Islands in the Sky by Arthur C. Clarke
Another good follow up novel to A Fall of Moondust, this book is about a young man who wins an internship to a space station in orbit around the Earth. While there he encounters dangers such as nuclear radiation, and being sucked into space. It carries on the theme of survival that is expressed in A Fall of Moondust
The World at the End of Time by Frederik Pohl
Out of millions of worlds that have been populated by the human race, only one remains. Now it is its inhabitants are challenged to survive ice ages, wars, and even alien attacks. The survival of the human race rests squarely upon their shoulders.
The City and the Stars by Arthur C. Clarke
This story deals with not being saved on the Moon, but being saved on Earth. The novel takes place about 200,000 years in the future. The earth has withered and died and is now nothing but desert. Man was once a great dynasty throughout the Universe, but was crushed by an alien race. Now, humans live in contained cities and have life spans of about one million years. Now they are trying to break the cycle and reconnect with one another to save their dying planet Earth.

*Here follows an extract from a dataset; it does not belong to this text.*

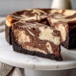 This marbled cheesecake combines the rich, creamy texture of classic cheesecake with a luscious swirl of chocolate. A crunchy Oreo crust adds the perfect base, making it a crowd-pleasing dessert for any occasion.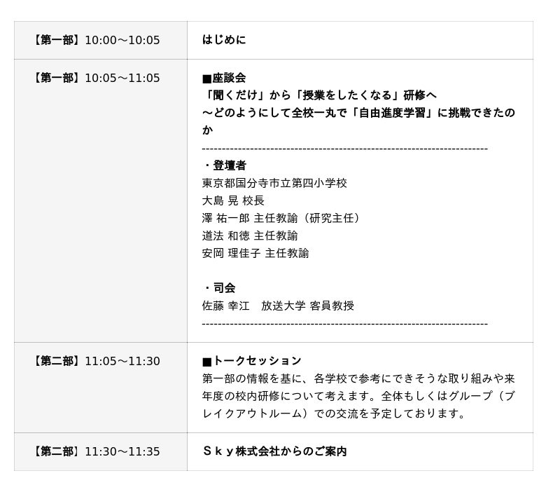 今回は全国の先生方に広く共有するために、どなたでも参加できる公開勉強会とし、2026年1月10日(土)にオンラインで開催いたします。テーマは、教師の主体性を引き出す校内研修です。全校で「自由進度学習」に取り組まれている東京都国分寺市立第四小学校の先生方とともに、授業改善の工夫や、全校で一体となって進めるための校内研修のアイデアを考えます。座談会とトークセッションの二部構成で、第一部のみの聴講も大歓迎です。ぜひご参加ください。

Over all I would have to say that this book was just okay. It wasn’t bad, but it also wasn’t great. It was all too obvious that it was written by a young and budding science fiction author who still needed quite a bit of improvement. One reason why this was so obvious was that Mr. Clarke made each character seem too righteous, too smart. He made everyone seem like a godsend and a genius. It seemed as though he focused too much on accurately depicting the moon, its features, and the physics of low gravity instead of focusing more on the characters and their emotions and vulnerabilities. Another reason why this was such an obviously underdeveloped book was that every main character seemed detached from what was going on in the story. Whenever a problem occurred they were cool, calm, and calculated. They never flinched at a setback, whether minor or major. That made the novel seem very unrealistic.
Arthur C. Clarke’s main purpose for writing this book, A Fall of Moondust, was mainly to test the waters. He wanted to see what his abilities were in the writing world and its different genres, for this was only his fifth book. Prior to this book, his other novels had been based mainly in philosophical sci-fi. However, he decided to try his hand at a thriller.